▶

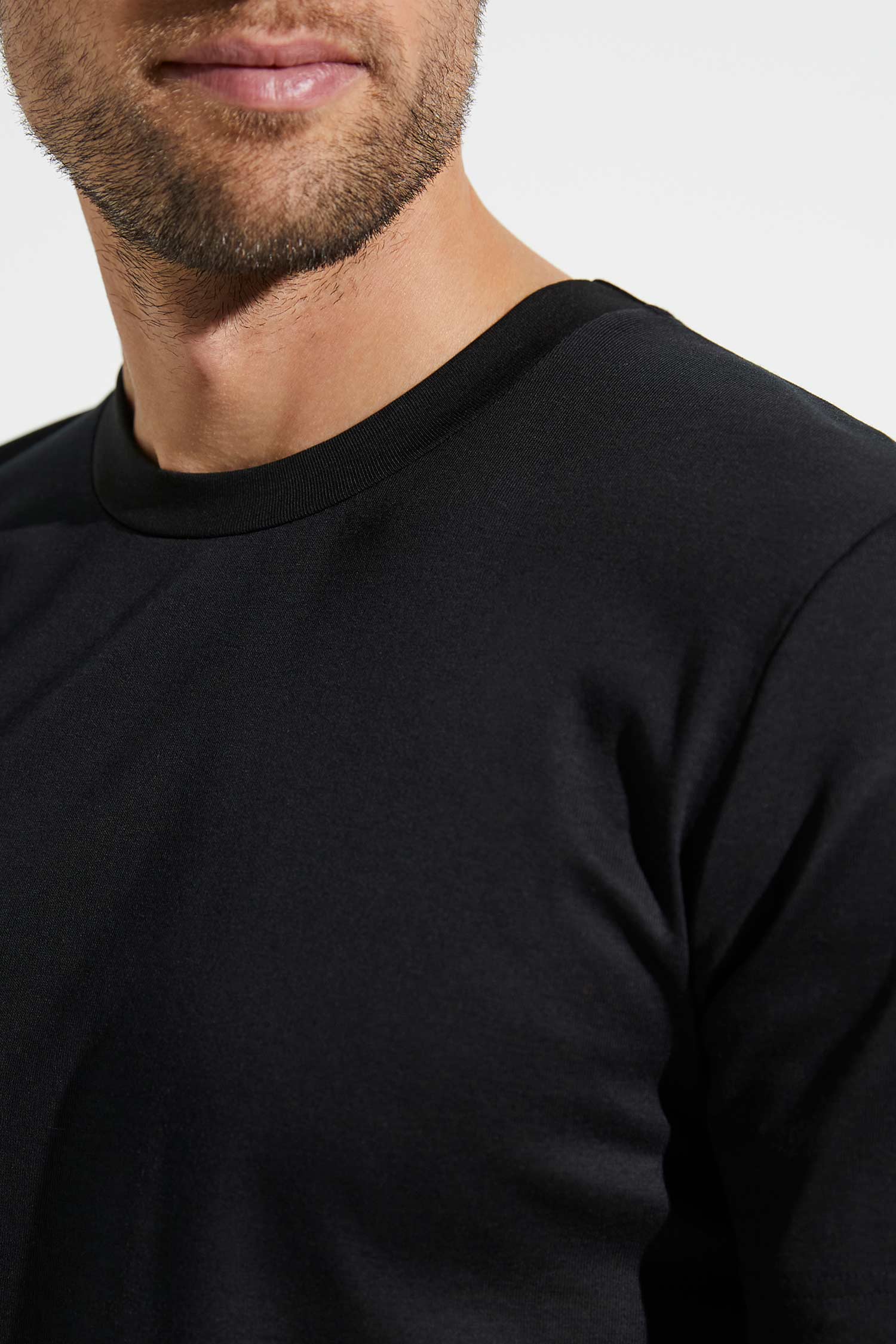 تي شيرت قصير الأكمام أنيق ومناسب أكثر مع نهاية جميلة خط رقبة مستدير. مع درزات مسطحة، مصنوع من قطن ممشط عالي الجودة وغير شفاف. القميص مناسب للارتداء فوق وتحت - مع النهاية الجميلة، يكون مناسبًا بشكل خاص للارتداء تحت القميص عندما يكون الزر العلوي مفتوحًا.
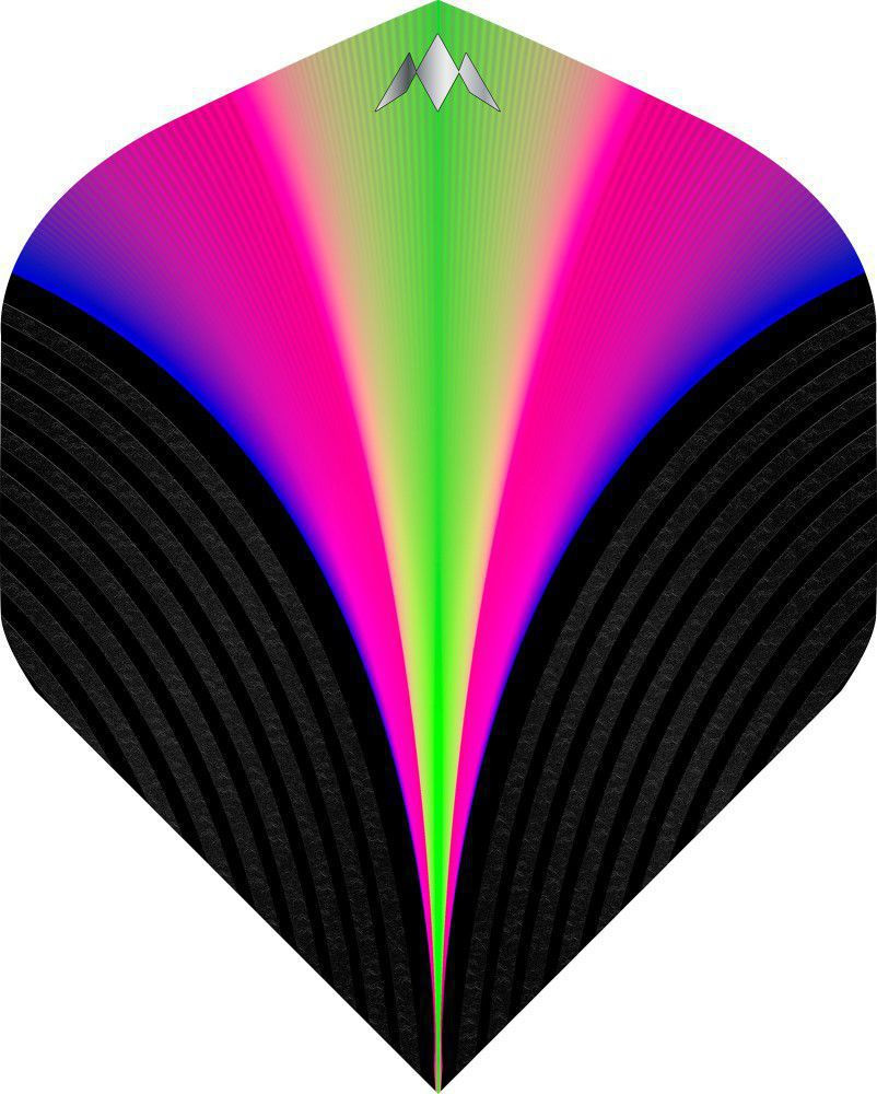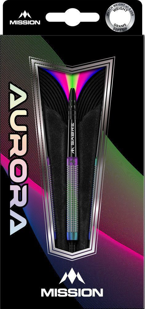 A darts szett Mission Aurora tollal van felszerelve, amely élénk és színes dizájnnal rendelkezik.
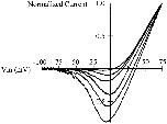 Figure 9. Normalized currents obtained during voltage ramps in CHO-K1 cells expressing r-eag currents. The internal solution contained Cs+ as charge carrier, and the external solution contained K+. From a holding potential of −100 mV, the cell was progressively depolarized to +75 mV during 1 s. Notice the strong variability in the reversal potential, while the shape of the current is similar in all cases.
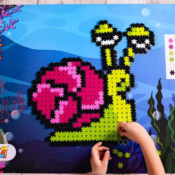 Discover the world of pixel building with the creative Meli Minis Shells 2-in-1 set. With 500 colorful pieces, kids can build a cute snail and turtle while developing fine motor skills, imagination, and focus. Thanks to the identical piece shape, the parts connect easily, the material is free from BPA, phthalates, and PVC, and the toy meets CE and EN-71 standards. A large 1:1 fold-out plan is included for easy template-based building.
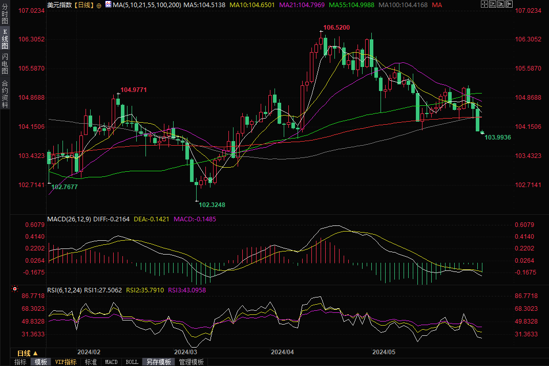 衡量美元对六种主要货币价值的美元指数下跌0.4%至104.14。该指数早些时候跌至104.13,为5月中来最低点。“投资者和市场开始相信,美国的表现优异主题正在开始减弱,”全球支付公司Convera驻奥地利维也纳的全球宏观策略师Boris Kovacevic表示,他指的是美国这个全球最大经济体相对于世界其他经济体的优异表现。

◀

_EXERCISE GOAL_. Look above for the line with "Figure 9. Normalized" and copy exactly from it through the line with "Discover the world", both included. Omit the pictures.

_TASK OUTPUT_.
 Figure 9. Normalized currents obtained during voltage ramps in CHO-K1 cells expressing r-eag currents. The internal solution contained Cs+ as charge carrier, and the external solution contained K+. From a holding potential of −100 mV, the cell was progressively depolarized to +75 mV during 1 s. Notice the strong variability in the reversal potential, while the shape of the current is similar in all cases.
 Discover the world of pixel building with the creative Meli Minis Shells 2-in-1 set. With 500 colorful pieces, kids can build a cute snail and turtle while developing fine motor skills, imagination, and focus. Thanks to the identical piece shape, the parts connect easily, the material is free from BPA, phthalates, and PVC, and the toy meets CE and EN-71 standards. A large 1:1 fold-out plan is included for easy template-based building.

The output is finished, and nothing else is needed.